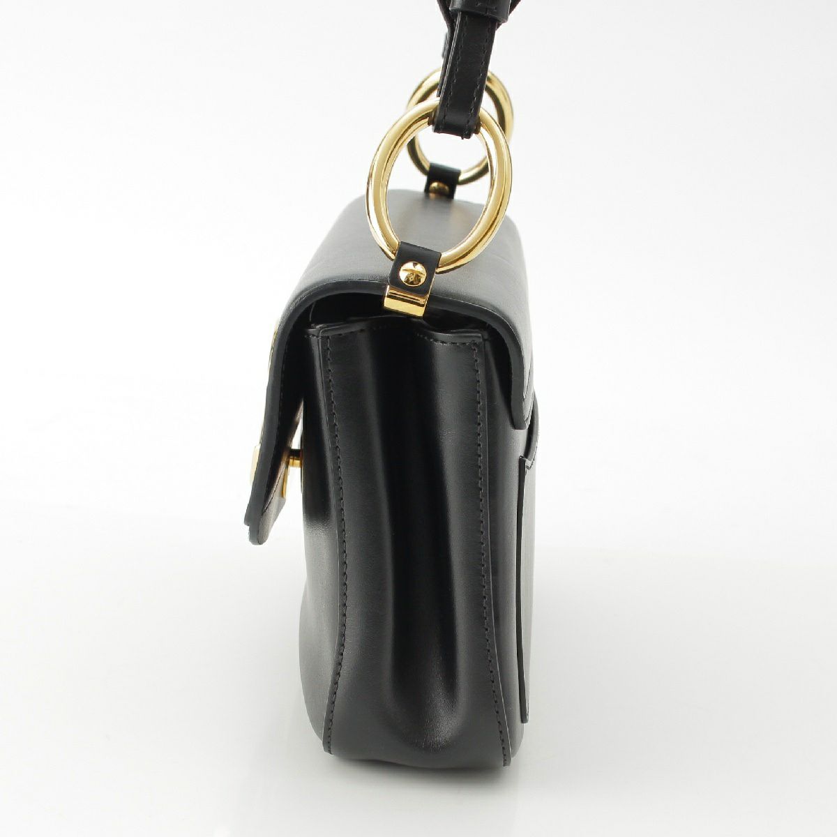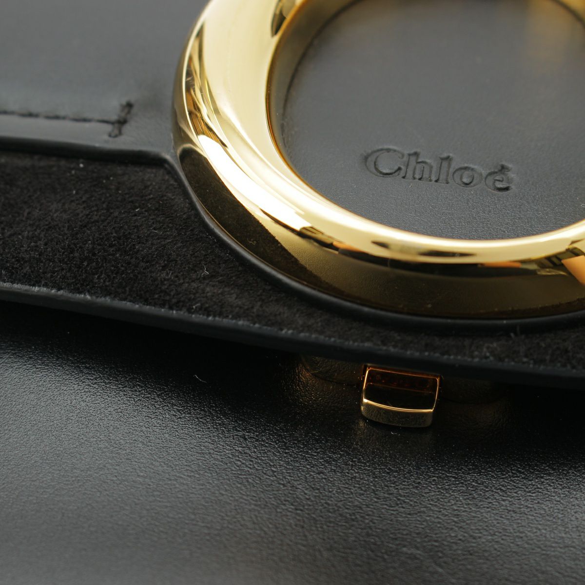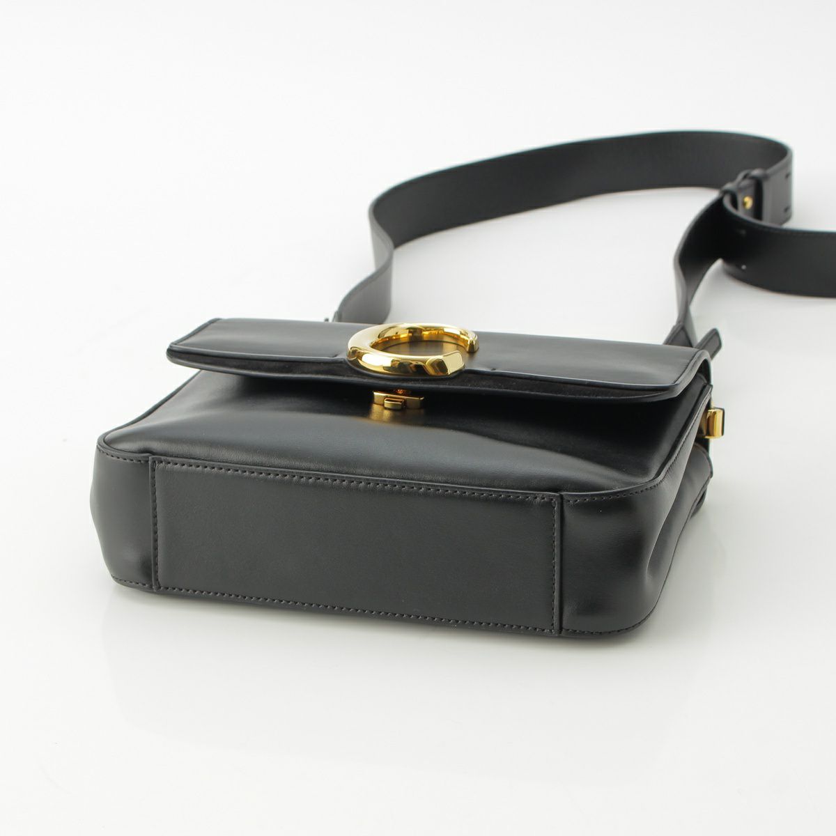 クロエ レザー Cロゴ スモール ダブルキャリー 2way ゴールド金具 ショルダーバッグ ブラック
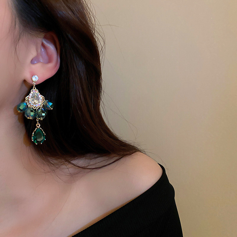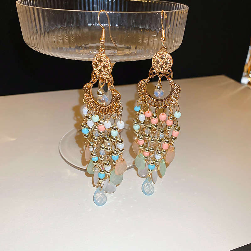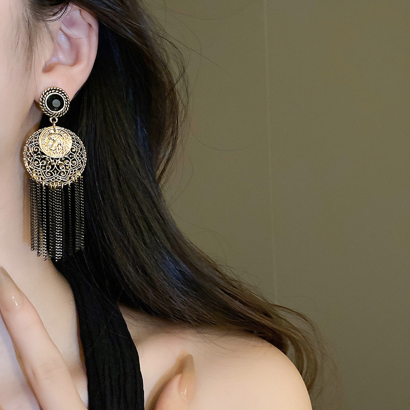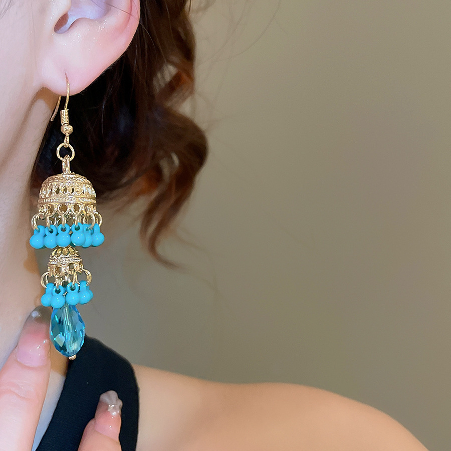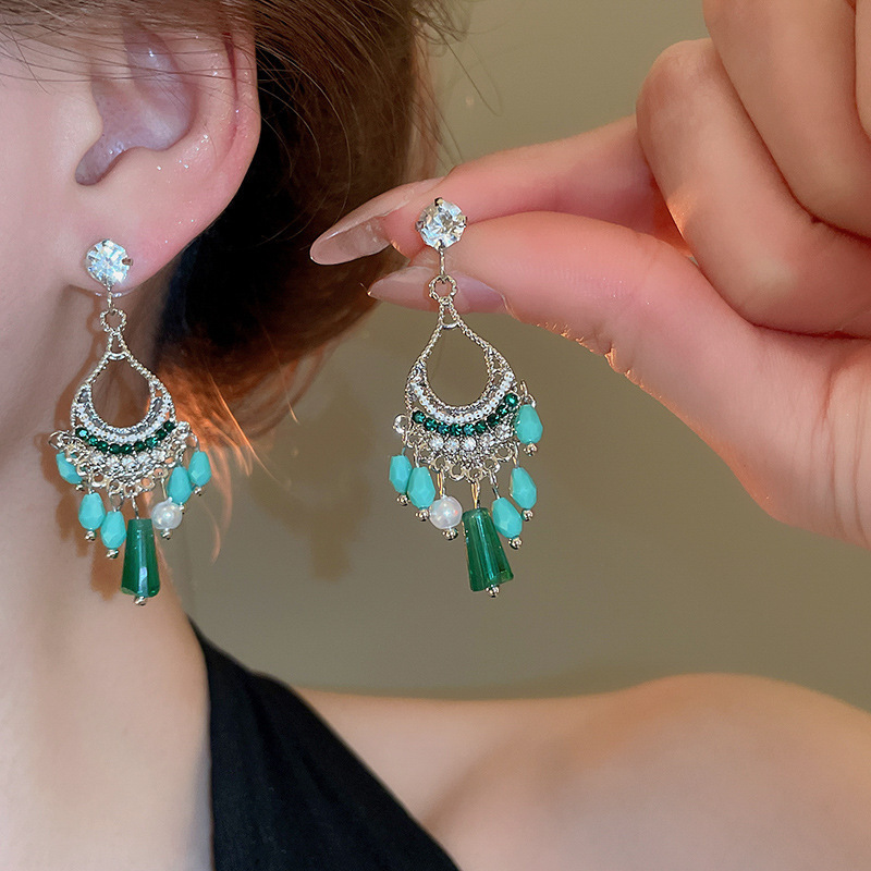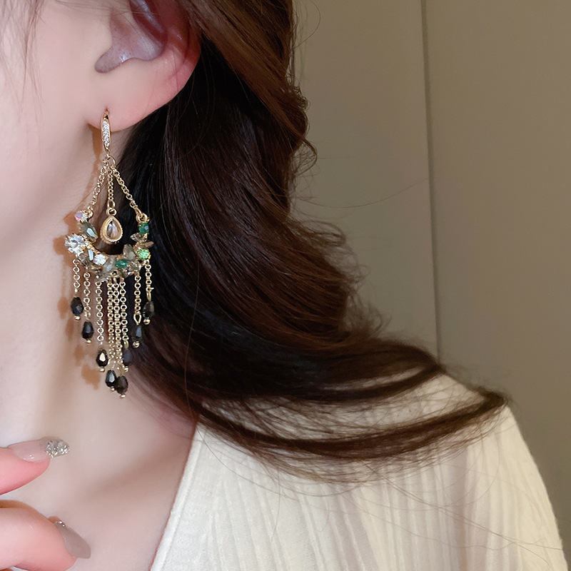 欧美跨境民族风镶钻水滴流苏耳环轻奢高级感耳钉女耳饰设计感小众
---------------
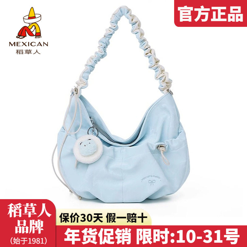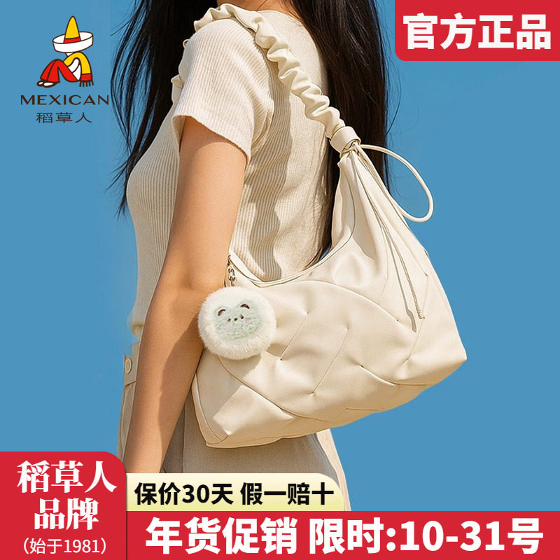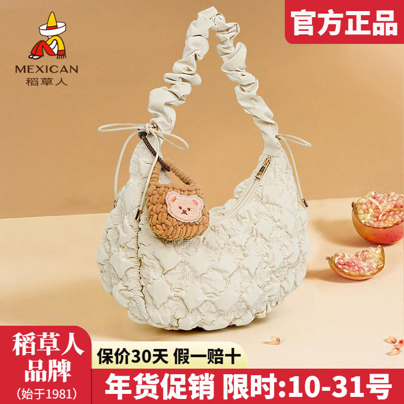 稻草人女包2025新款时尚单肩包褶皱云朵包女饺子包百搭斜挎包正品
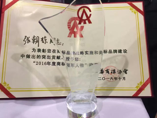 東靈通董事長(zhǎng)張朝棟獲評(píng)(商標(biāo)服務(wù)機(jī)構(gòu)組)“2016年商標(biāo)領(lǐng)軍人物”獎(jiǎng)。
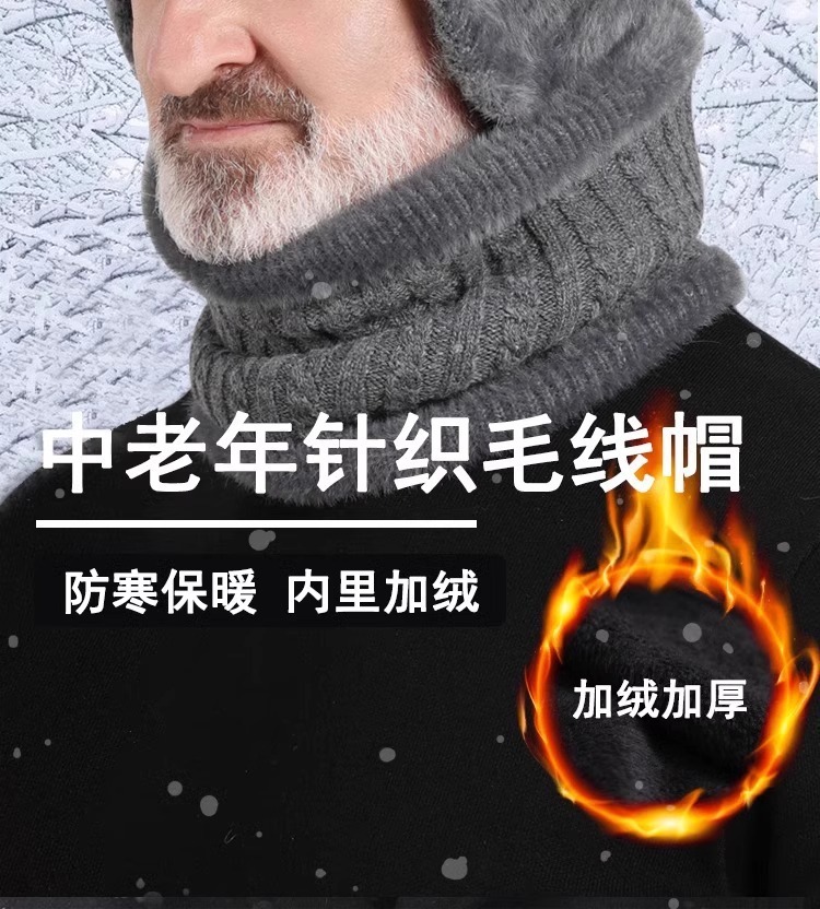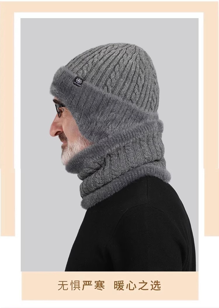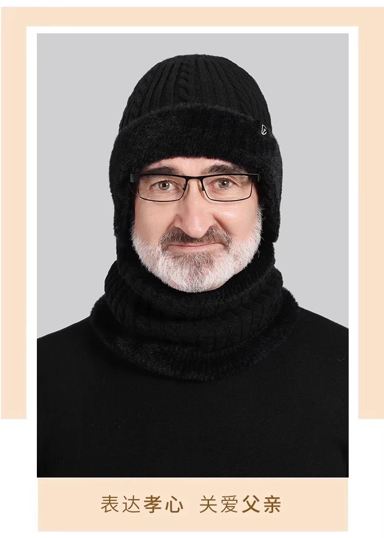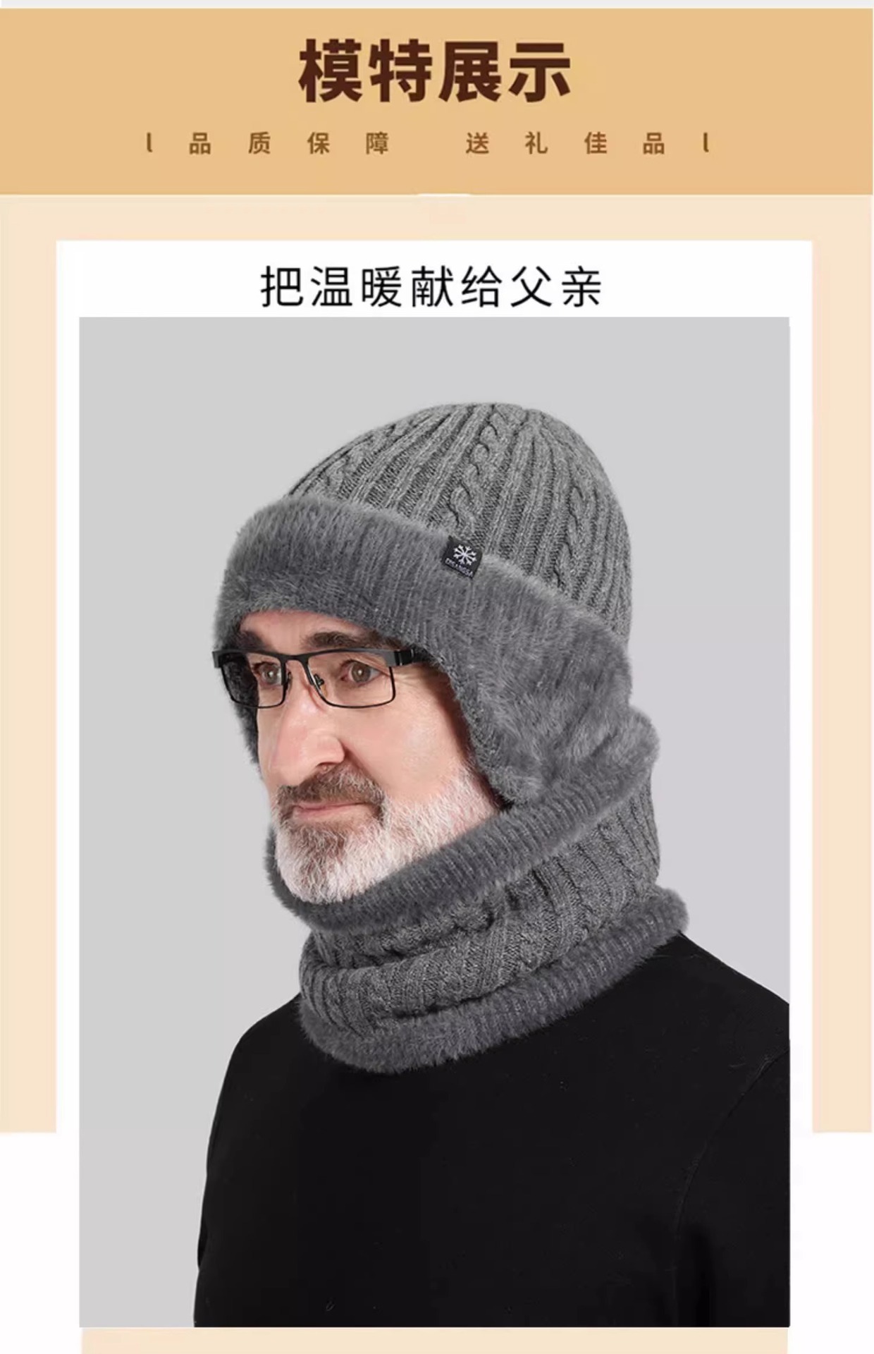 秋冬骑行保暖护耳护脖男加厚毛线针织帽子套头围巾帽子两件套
---------------
Description of the task: Word for word, restate the lines above from the one with "クロエ レザー Cロゴ" through the one with "欧美跨境民族风镶钻水滴流苏耳环轻奢高级感耳钉女耳饰设计感小众", keeping both ends and dropping the pictures.

Written solution:
 クロエ レザー Cロゴ スモール ダブルキャリー 2way ゴールド金具 ショルダーバッグ ブラック
 欧美跨境民族风镶钻水滴流苏耳环轻奢高级感耳钉女耳饰设计感小众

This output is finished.